User Manual - Windows 10
Wachtwoorden instellen in Computer Setup
Wachtwoord Functie
BIOS-beheerderswachtwoord* Beveiligt de toegang tot Computer Setup.
OPMERKING: Als er functies ingeschakeld zijn die voorkomen 
dat het BIOS-beheerderswachtwoord wordt verwijderd, kunt u 
het BIOS-beheerderswachtwoord pas verwijderen zodra deze 
functies worden uitgeschakeld.
DriveLock-hoofdwachtwoord* Beveiligt de toegang tot de interne harde schijf die wordt 
beschermd door DriveLock. Wordt ook gebruikt om DriveLock-
beveiliging te verwijderen.
OPMERKING: U kunt voor bepaalde producten pas een 
DriveLock-wachtwoord instellen zodra u een BIOS 
beheerderswachtwoord heeft ingesteld.
DriveLock-gebruikerswachtwoord* Beveiligt de toegang tot de interne vaste schijf die wordt 
beschermd door DriveLock en wordt ingesteld bij DriveLock 
Passwords (DriveLock-wachtwoorden) tijdens het 
activeringsproces.
OPMERKING: U kunt voor bepaalde producten pas een 
DriveLock-wachtwoord instellen zodra u een BIOS 
beheerderswachtwoord heeft ingesteld.
*Nadere bijzonderheden over deze wachtwoorden vindt u in de volgende onderwerpen.

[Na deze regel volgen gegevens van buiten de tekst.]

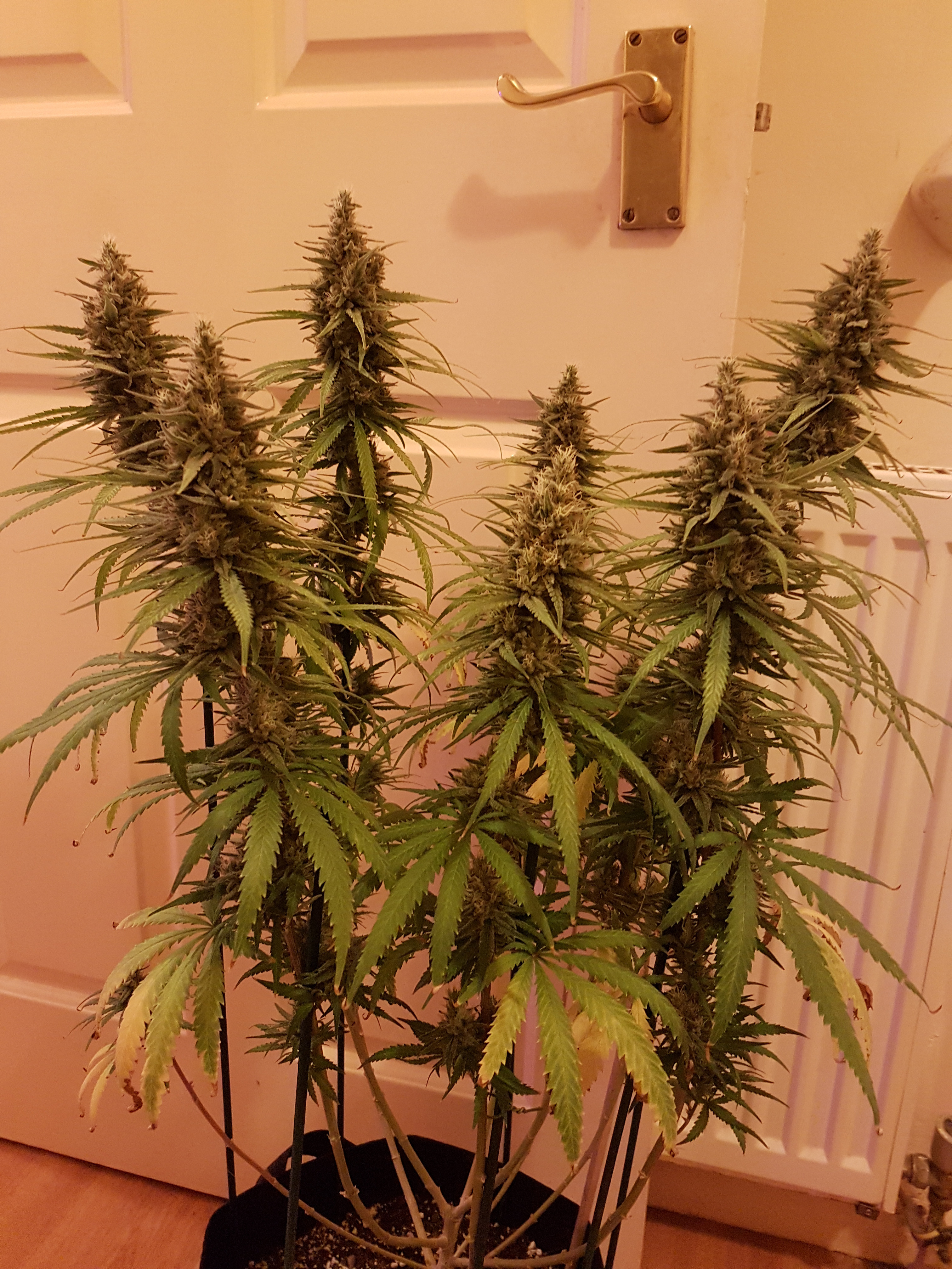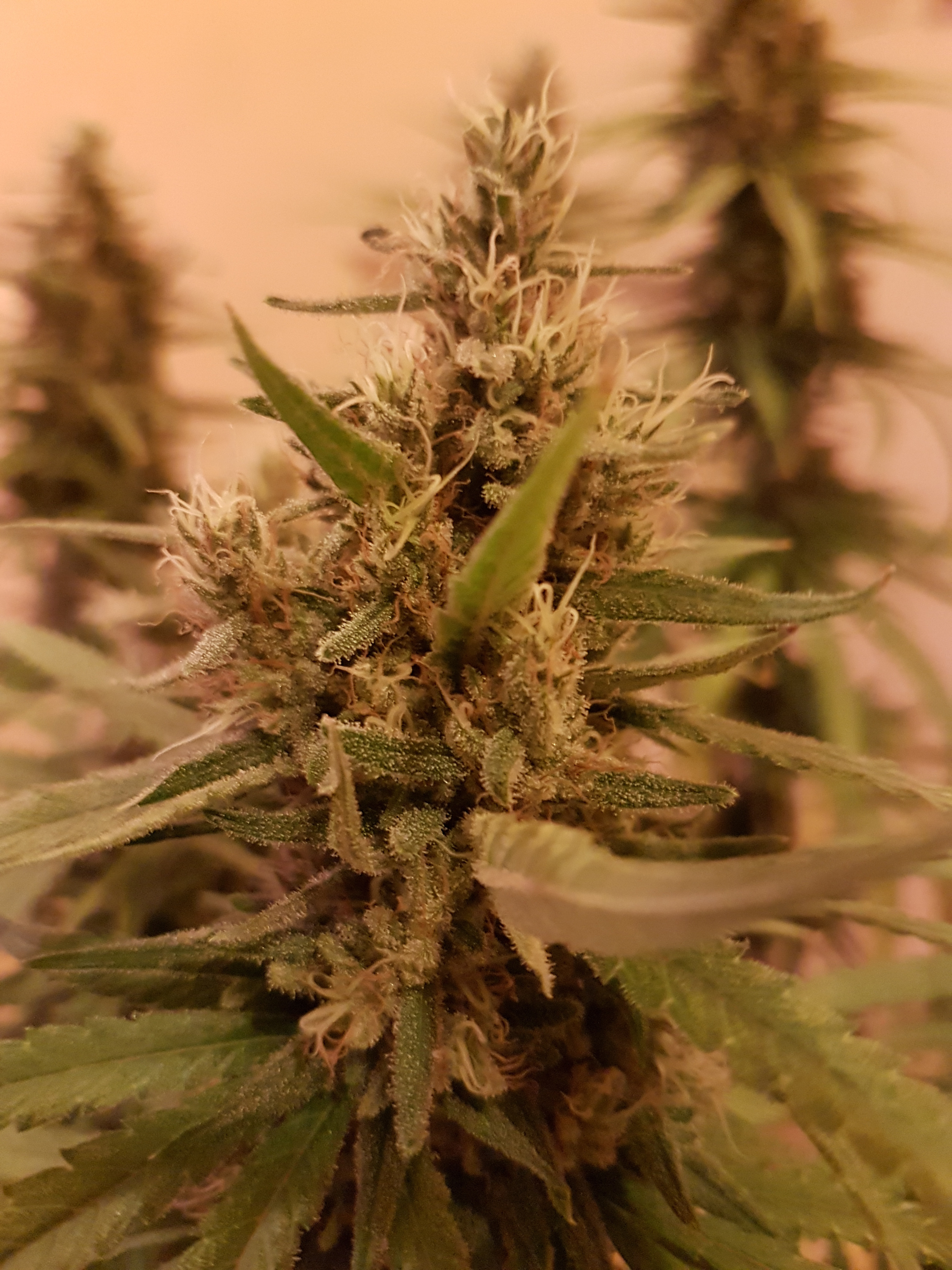 Hi all, one of my Fat banana plants seems to have had an explosion of foxtailing in the last 24hrs or so i think it was caused by temps hitting 34c few days ago. i have been opening up the tent during lights but we've also been using the heating a lot more due to a drop in outside temps. This has caused an occasional spike in temps recently so pretty sure that's the reason for the foxtailing I'm getting. I have signs of it on my other fat banana plant but no where near the scale i seem to have it on the tall one. The one fat banana with the least foxtailing will be getting harvested in the next day or 2 so although its a little disappointing to see it at this stage of the grow i'm not too bothered by it. The other one on the other hand I'm a little concerned with as she won't be ready for about another 4-5 days. The buds are dense but now with the foxtailing it feels much looser on the outer bud with a lot more white hairs than i had previously (was about 75% brown before). Am i better off harvesting it a little early now or should i just let it go and what will be will be? Any suggestions on what is best to do would be appreciated. To me the buds look ugly now and have lost there neat and tidy conical look that they had. I've included a couple of pics of the plant in question. Trichomes are about 95% cloudy and a small amount of amber but does still have the odd clear one.
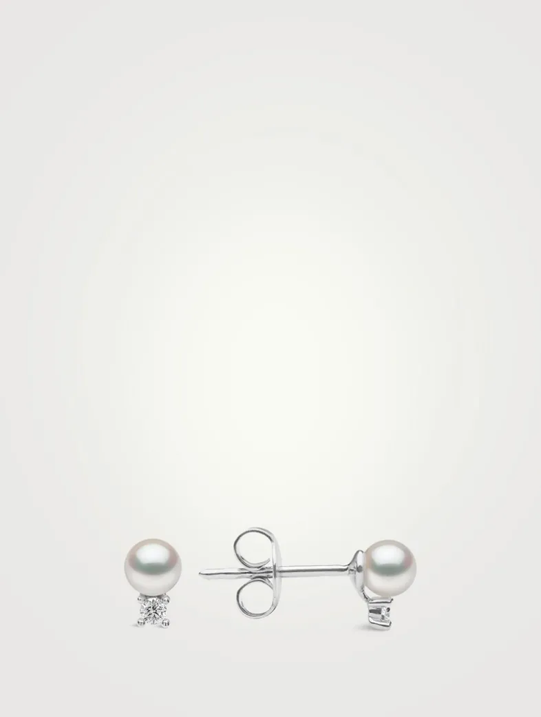 Trend 18K White Gold Freshwater Pearl And Diamond Petite Stud Earrings

BIOS-beheerderswachtwoord beheren
U kunt dit wachtwoord als volgt instellen, wijzigen of verwijderen:
Een nieuw BIOS-beheerderswachtwoord instellen
1. Start Computer Setup.
●
Computers of tablets met een toetsenbord:
▲
Schakel de computer in of start de computer opnieuw op en druk als het HP logo wordt 
weergegeven op f10 om Computer Setup te openen.
●
Tablets zonder toetsenbord:
▲
Zet de tablet uit. Druk op de aan/uit-knop in combinatie met de knop volume omlaag tot het 
opstartmenu wordt weergegeven en tik vervolgens op F10 om Computer Setup te openen.
2. Selecteer Beveiliging, selecteer BIOS-beheerderswachtwoord aanmaken of BIOS-
beheerderswachtwoord instellen (alleen bepaalde producten) en druk op enter.
3. Typ een wachtwoord wanneer hierom wordt gevraagd.
4. Typ nogmaals het nieuwe wachtwoord wanneer hierom wordt gevraagd.
5. Als u uw wijzigingen wilt opslaan en Computer Setup wilt afsluiten, selecteert u het pictogram Save 
(Opslaan) en volgt u de instructies op het scherm.
– of –
Selecteer Main (Hoofdmenu), selecteer Save Changes and Exit (Wijzigingen opslaan en afsluiten) en 
druk vervolgens op enter.
De wijzigingen zijn van kracht zodra de computer opnieuw is opgestart.